This questionnaire consists of 29 items and assesses 13 types of ACEs across three dimensions: childhood abuse, family dysfunction, and community violence. This study employed the Chinese version revised by Professor HO and colleagues, which has demonstrated good reliability and validity in China [41,42]. The scale can be scored using either a dichotomous scoring method or a frequency scoring method, with the latter being more aligned with international standards; therefore, this study adopted the frequency scoring method. The total score ranged from 0 to 13, with higher scores indicating a greater number of ACEs experienced during childhood. In this study, the Cronbach’s alpha coefficient for this questionnaire was 0.91.

2.2.2. Outcome (Co-Occurrence of Somatization and Post-Traumatic Stress Symptoms)

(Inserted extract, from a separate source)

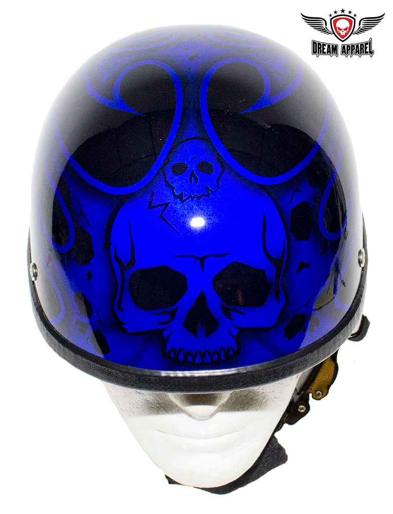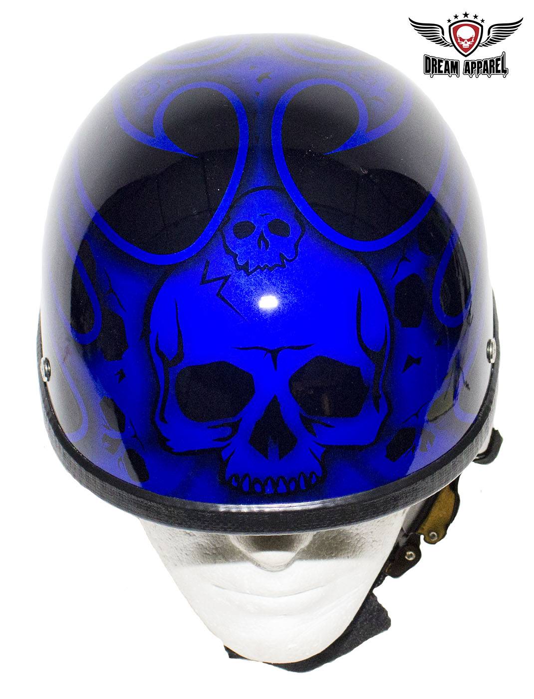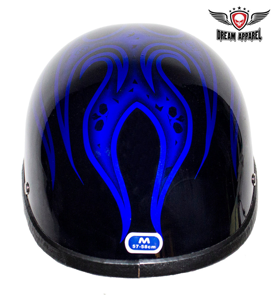 Shiny Blue Novelty Helmet With Burning Skull - M is backordered and will ship as soon as it is back in stock.

The Somatization subscale from the Symptom Checklist-90 (SCL-90) was selected to measure somatic symptoms, consisting of 12 items [43]. A 5-point scoring system was used, ranging from 1 (not at all) to 5 (extremely severe), with a maximum score of 60. A score of 24 or above indicates the presence of positive somatic symptoms. In this study, the Cronbach’s alpha coefficient for this subscale was 0.94.
The PTSD Checklist from the DSM-5 (PCL-5) was used to measure PTSSs, comprising 20 items corresponding to four symptom clusters as defined in the DSM-5: intrusion symptoms (Criterion B), avoidance symptoms (Criterion C), negative alterations in cognition and mood (Criterion D), and arousal and reactivity symptoms (Criterion E) [44]. A 5-point scoring system was employed, ranging from 0 (not at all) to (extremely), with a maximum score of 80. A score of 33 or above indicates the presence of positive PTSSs. In this study, the Cronbach’s alpha coefficient for this questionnaire was 0.96.
The co-occurrence outcome variable was derived by combining scores from the Somatization subscale and the PCL-5. Participants were categorized into four mutually exclusive groups based on validated clinical cutoffs [43,44]. (1) No symptoms: Somatization subscale ≤ 24 and PCL-5 < 33; (2) somatization-only: Somatization subscale > 24 and PCL-5 < 33; (3) post-traumatic stress symptoms-only (PTSSs-only): Somatization subscale ≤ 24 and PCL-5 ≥ 33; and (4) co-occurring symptoms: Somatization subscale > 24 and PCL-5 ≥ 33.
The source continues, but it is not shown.